◆ Input data ◆
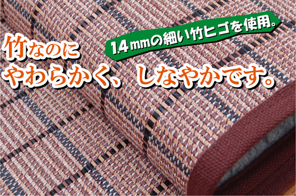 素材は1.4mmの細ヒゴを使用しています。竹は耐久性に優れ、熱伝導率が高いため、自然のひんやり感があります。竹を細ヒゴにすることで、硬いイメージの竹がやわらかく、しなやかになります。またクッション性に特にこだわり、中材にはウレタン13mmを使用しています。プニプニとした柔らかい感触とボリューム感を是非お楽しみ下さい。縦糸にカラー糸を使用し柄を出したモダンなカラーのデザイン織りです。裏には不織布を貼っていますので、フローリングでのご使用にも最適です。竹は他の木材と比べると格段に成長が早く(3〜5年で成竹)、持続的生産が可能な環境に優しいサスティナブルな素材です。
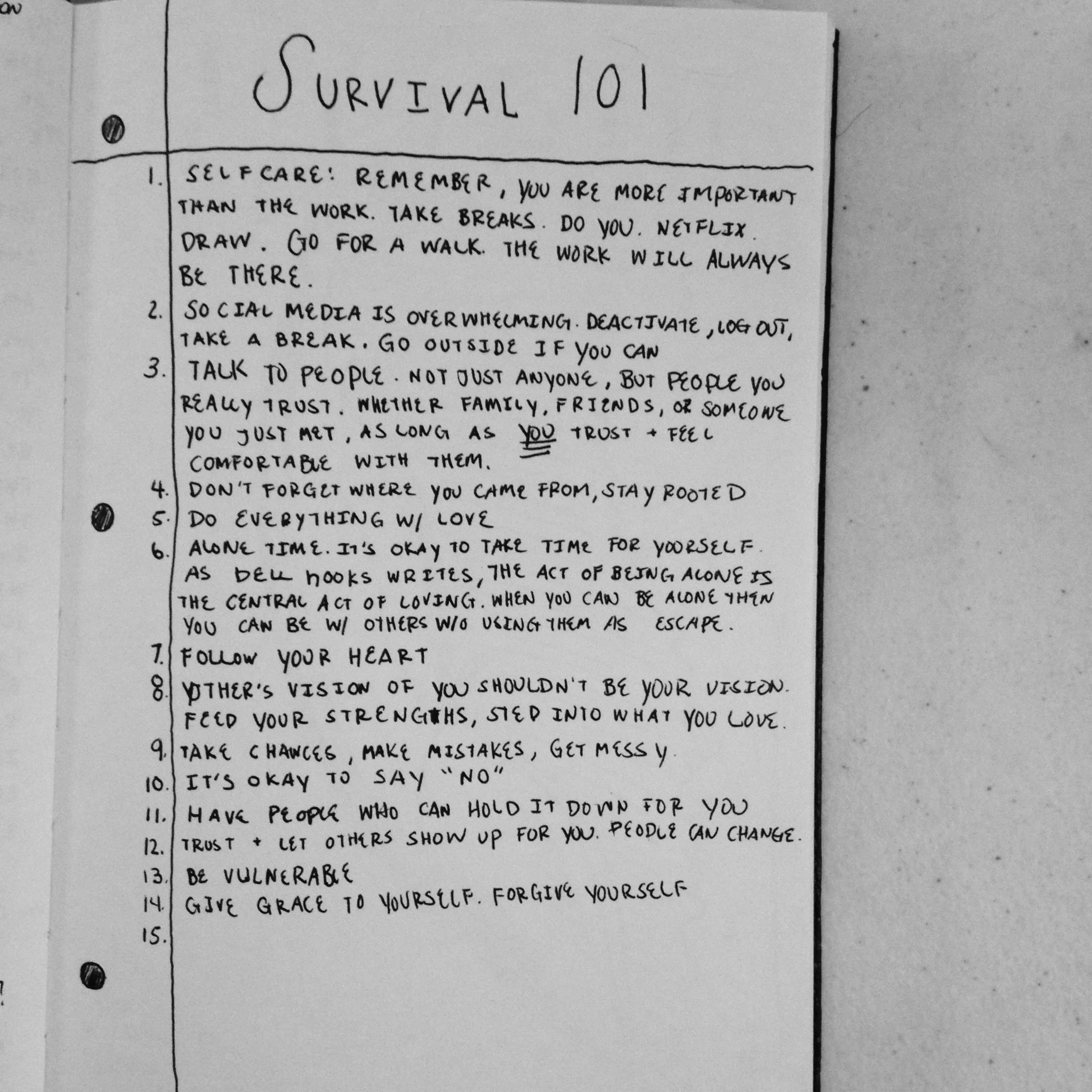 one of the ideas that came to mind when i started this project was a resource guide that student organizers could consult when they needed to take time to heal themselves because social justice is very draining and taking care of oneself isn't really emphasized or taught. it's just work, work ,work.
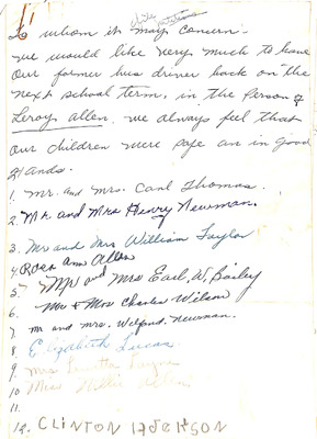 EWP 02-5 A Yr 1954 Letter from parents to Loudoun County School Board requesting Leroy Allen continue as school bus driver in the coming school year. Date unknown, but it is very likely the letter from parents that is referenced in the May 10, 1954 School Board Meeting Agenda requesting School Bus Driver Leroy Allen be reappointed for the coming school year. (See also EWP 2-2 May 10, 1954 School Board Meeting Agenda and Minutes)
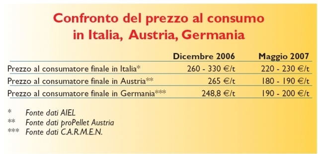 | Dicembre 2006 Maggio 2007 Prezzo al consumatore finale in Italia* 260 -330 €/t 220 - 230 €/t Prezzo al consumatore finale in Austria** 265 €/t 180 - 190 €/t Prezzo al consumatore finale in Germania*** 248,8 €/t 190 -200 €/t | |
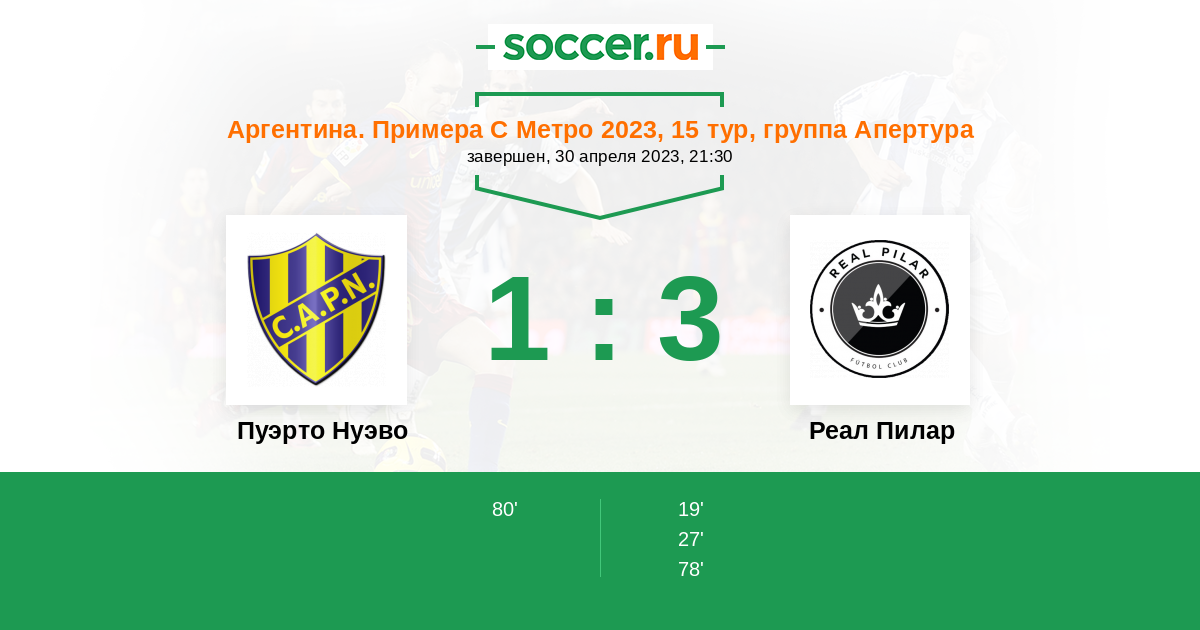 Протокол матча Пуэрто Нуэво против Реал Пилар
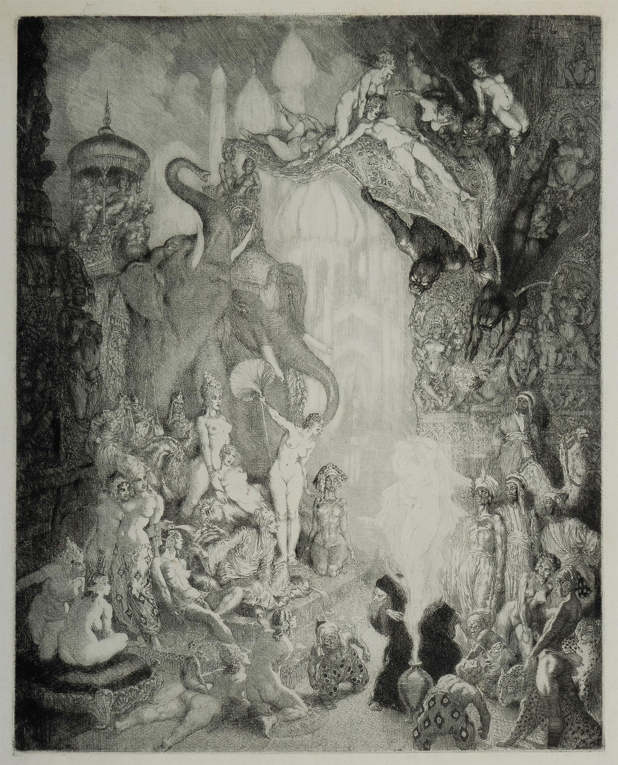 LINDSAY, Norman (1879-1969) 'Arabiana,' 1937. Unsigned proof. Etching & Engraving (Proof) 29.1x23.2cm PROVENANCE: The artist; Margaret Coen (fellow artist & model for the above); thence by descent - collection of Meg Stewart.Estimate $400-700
==
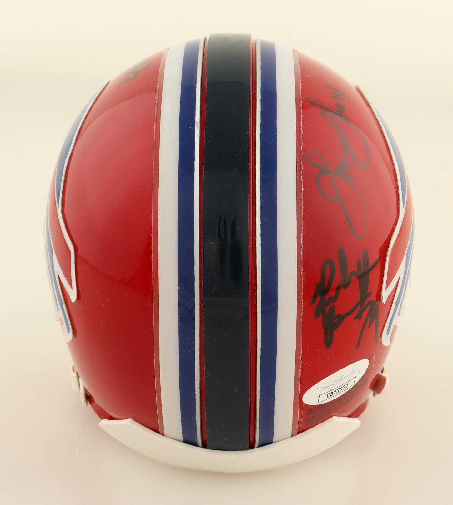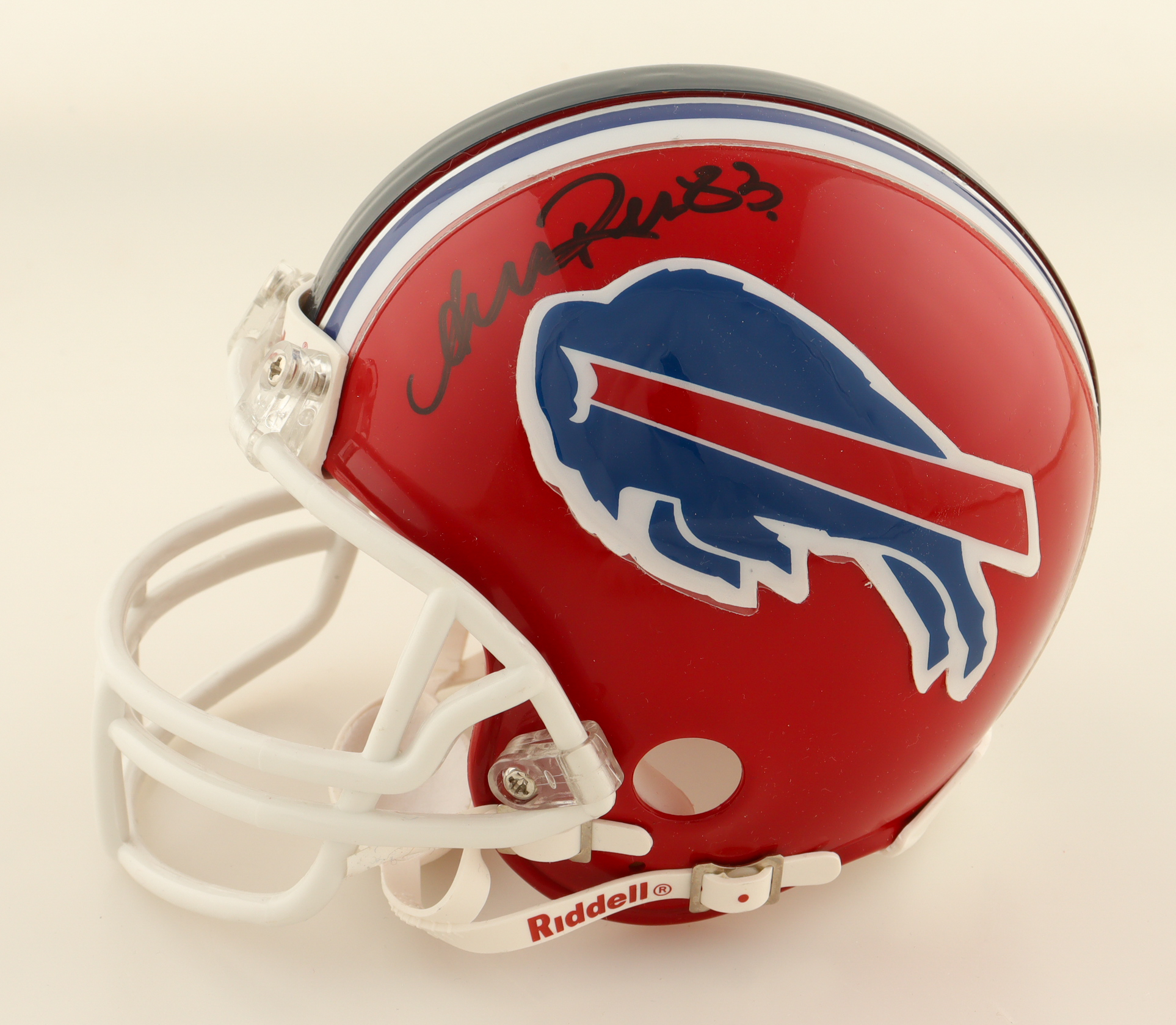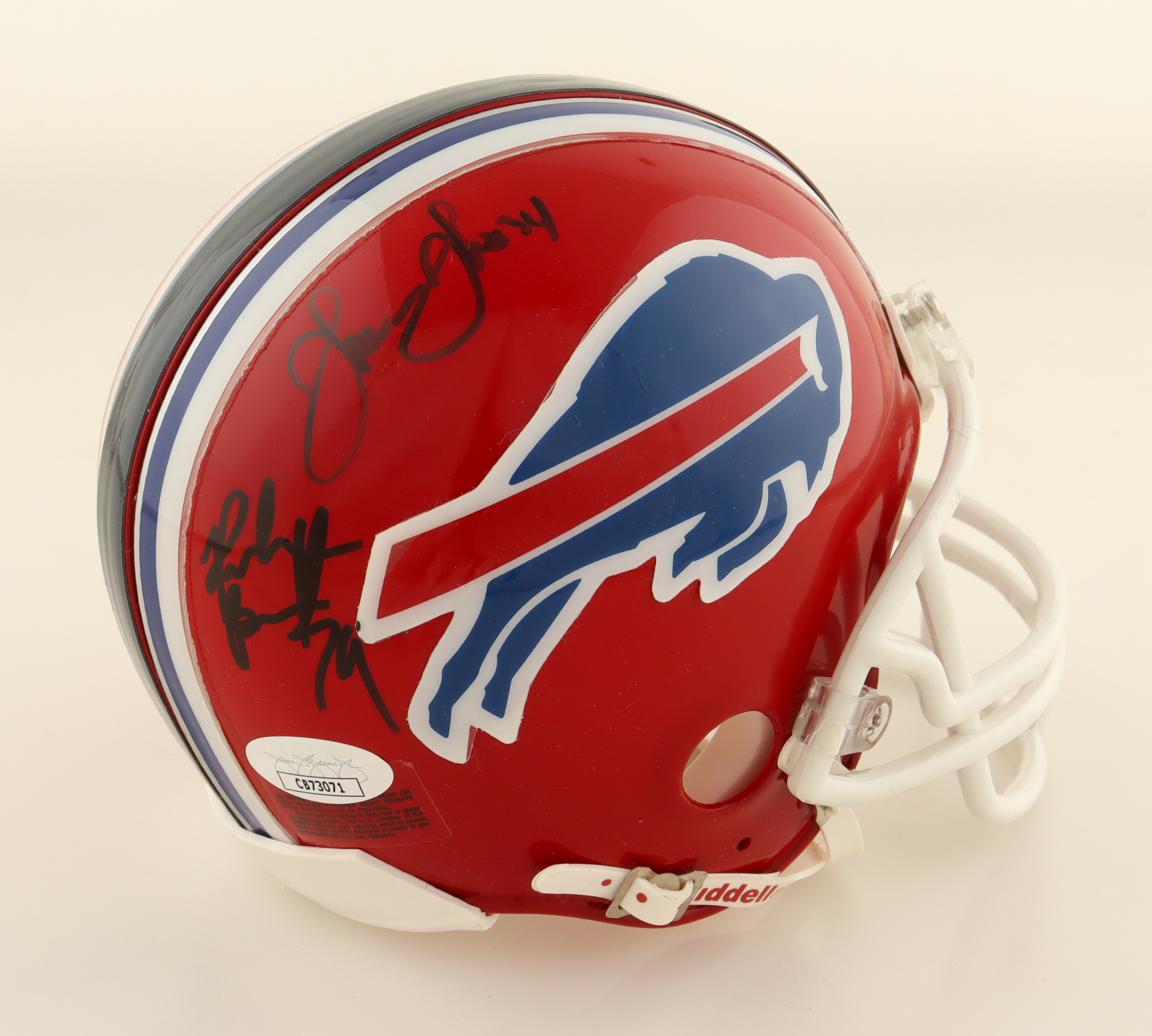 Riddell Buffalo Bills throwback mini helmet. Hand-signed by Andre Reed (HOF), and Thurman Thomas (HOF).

◆ Activity ◆
Please return the data above exactly as it stands from the line with "素材は1.4mmの細ヒゴを使" to the line with "LINDSAY, Norman (1879-1969)", keeping both of those lines but none of the pictures.

◆ Written response ◆
 素材は1.4mmの細ヒゴを使用しています。竹は耐久性に優れ、熱伝導率が高いため、自然のひんやり感があります。竹を細ヒゴにすることで、硬いイメージの竹がやわらかく、しなやかになります。またクッション性に特にこだわり、中材にはウレタン13mmを使用しています。プニプニとした柔らかい感触とボリューム感を是非お楽しみ下さい。縦糸にカラー糸を使用し柄を出したモダンなカラーのデザイン織りです。裏には不織布を貼っていますので、フローリングでのご使用にも最適です。竹は他の木材と比べると格段に成長が早く(3〜5年で成竹)、持続的生産が可能な環境に優しいサスティナブルな素材です。
 one of the ideas that came to mind when i started this project was a resource guide that student organizers could consult when they needed to take time to heal themselves because social justice is very draining and taking care of oneself isn't really emphasized or taught. it's just work, work ,work.
 EWP 02-5 A Yr 1954 Letter from parents to Loudoun County School Board requesting Leroy Allen continue as school bus driver in the coming school year. Date unknown, but it is very likely the letter from parents that is referenced in the May 10, 1954 School Board Meeting Agenda requesting School Bus Driver Leroy Allen be reappointed for the coming school year. (See also EWP 2-2 May 10, 1954 School Board Meeting Agenda and Minutes)
 | Dicembre 2006 Maggio 2007 Prezzo al consumatore finale in Italia* 260 -330 €/t 220 - 230 €/t Prezzo al consumatore finale in Austria** 265 €/t 180 - 190 €/t Prezzo al consumatore finale in Germania*** 248,8 €/t 190 -200 €/t | |
 Протокол матча Пуэрто Нуэво против Реал Пилар
 LINDSAY, Norman (1879-1969) 'Arabiana,' 1937. Unsigned proof. Etching & Engraving (Proof) 29.1x23.2cm PROVENANCE: The artist; Margaret Coen (fellow artist & model for the above); thence by descent - collection of Meg Stewart.Estimate $400-700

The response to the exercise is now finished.